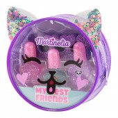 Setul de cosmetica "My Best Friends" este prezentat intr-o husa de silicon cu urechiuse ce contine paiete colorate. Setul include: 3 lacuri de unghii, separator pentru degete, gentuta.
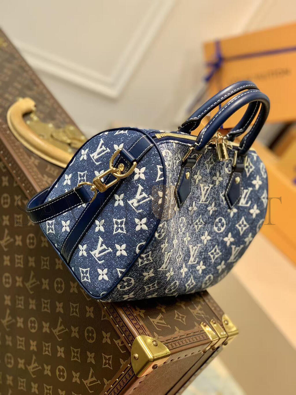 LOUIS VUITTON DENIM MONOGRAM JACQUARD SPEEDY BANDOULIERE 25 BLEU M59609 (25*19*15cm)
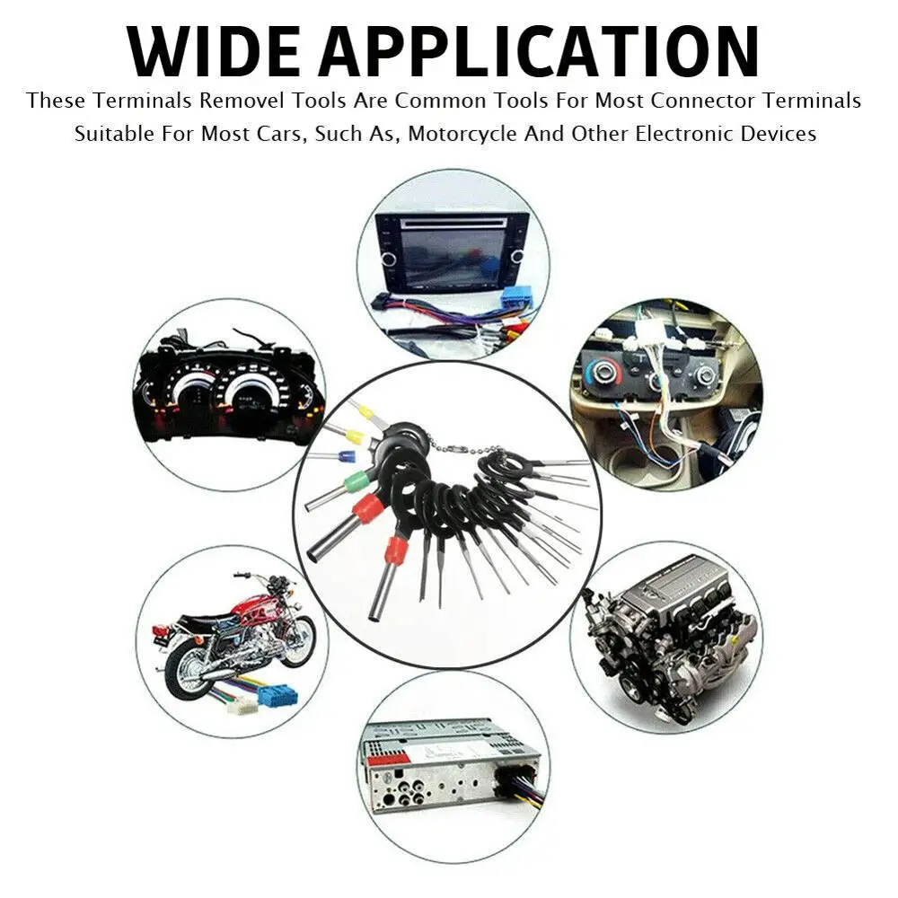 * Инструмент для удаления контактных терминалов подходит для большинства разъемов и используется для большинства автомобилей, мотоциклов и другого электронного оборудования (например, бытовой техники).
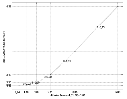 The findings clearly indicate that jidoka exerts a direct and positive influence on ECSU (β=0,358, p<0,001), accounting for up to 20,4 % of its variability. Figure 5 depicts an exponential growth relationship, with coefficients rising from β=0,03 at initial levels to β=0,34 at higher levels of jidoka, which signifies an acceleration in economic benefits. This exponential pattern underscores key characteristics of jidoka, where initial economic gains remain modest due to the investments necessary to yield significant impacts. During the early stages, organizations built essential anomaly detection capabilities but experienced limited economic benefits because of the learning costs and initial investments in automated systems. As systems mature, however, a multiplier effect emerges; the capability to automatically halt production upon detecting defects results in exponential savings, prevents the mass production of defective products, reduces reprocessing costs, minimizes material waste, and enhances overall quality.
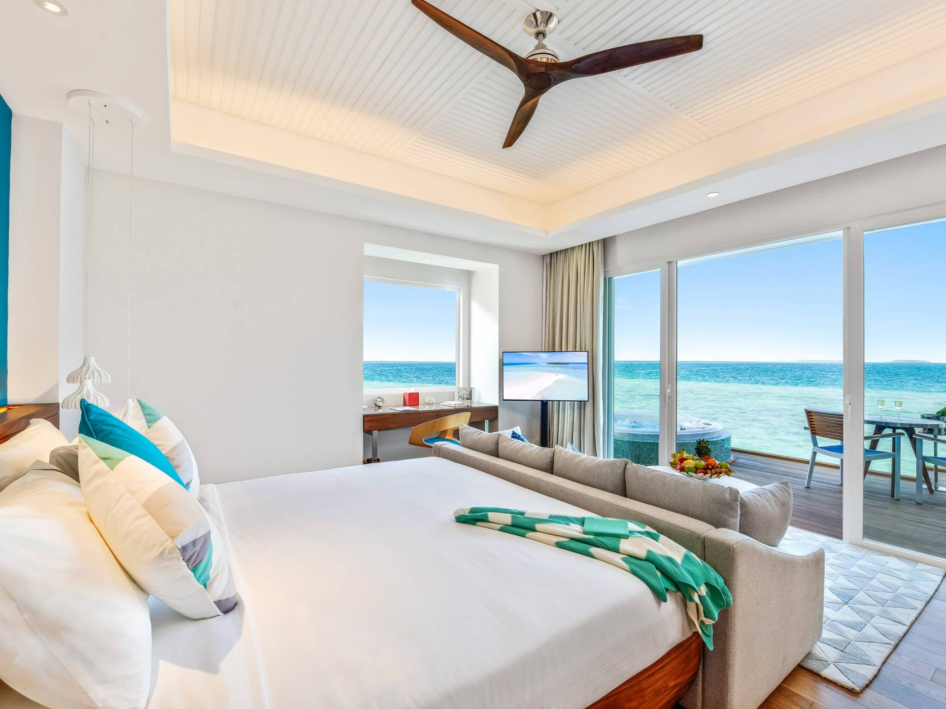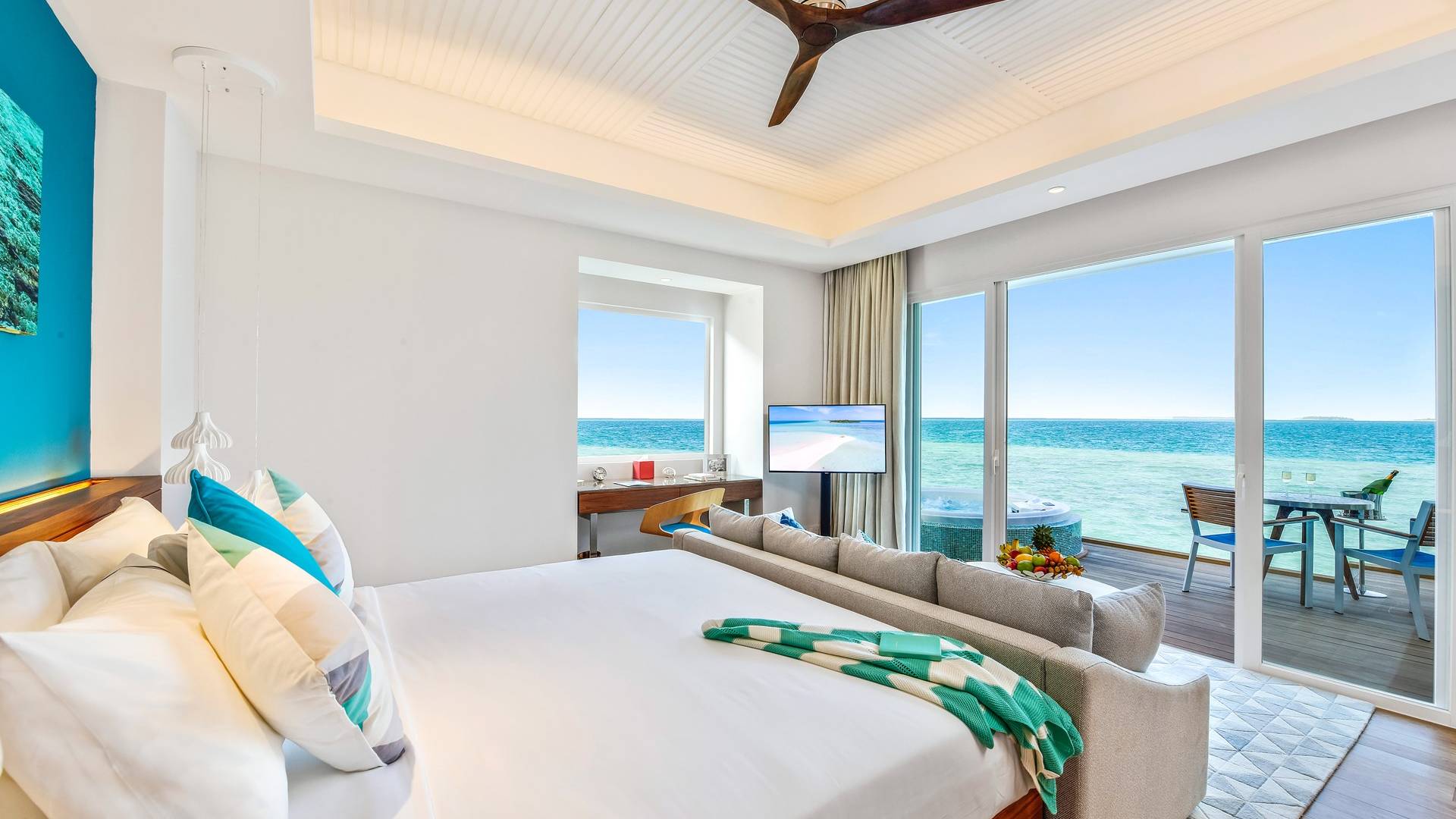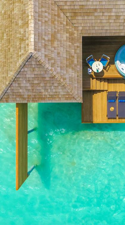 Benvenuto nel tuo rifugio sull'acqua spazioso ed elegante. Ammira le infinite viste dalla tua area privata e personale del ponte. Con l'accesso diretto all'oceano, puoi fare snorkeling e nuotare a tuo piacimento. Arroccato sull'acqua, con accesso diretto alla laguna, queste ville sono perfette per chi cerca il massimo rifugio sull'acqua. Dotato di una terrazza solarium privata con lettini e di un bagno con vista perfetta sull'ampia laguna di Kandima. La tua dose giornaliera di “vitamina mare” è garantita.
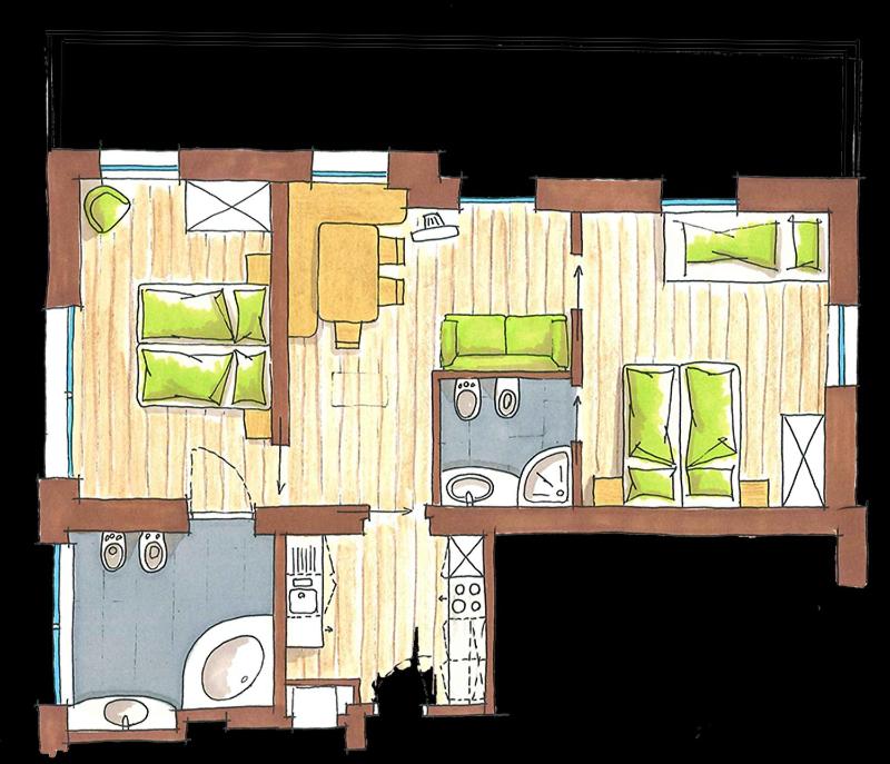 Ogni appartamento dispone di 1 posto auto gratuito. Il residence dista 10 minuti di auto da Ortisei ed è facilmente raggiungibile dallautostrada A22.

> **YOUR TASK**
Your answer is the exact run of lines above from the one with "LOUIS VUITTON DENIM" through the one with "(например, бытовой техники).", both ends included, minus any picture.

> **SOLUTION TO THIS EXERCISE**
 LOUIS VUITTON DENIM MONOGRAM JACQUARD SPEEDY BANDOULIERE 25 BLEU M59609 (25*19*15cm)
 * Инструмент для удаления контактных терминалов подходит для большинства разъемов и используется для большинства автомобилей, мотоциклов и другого электронного оборудования (например, бытовой техники).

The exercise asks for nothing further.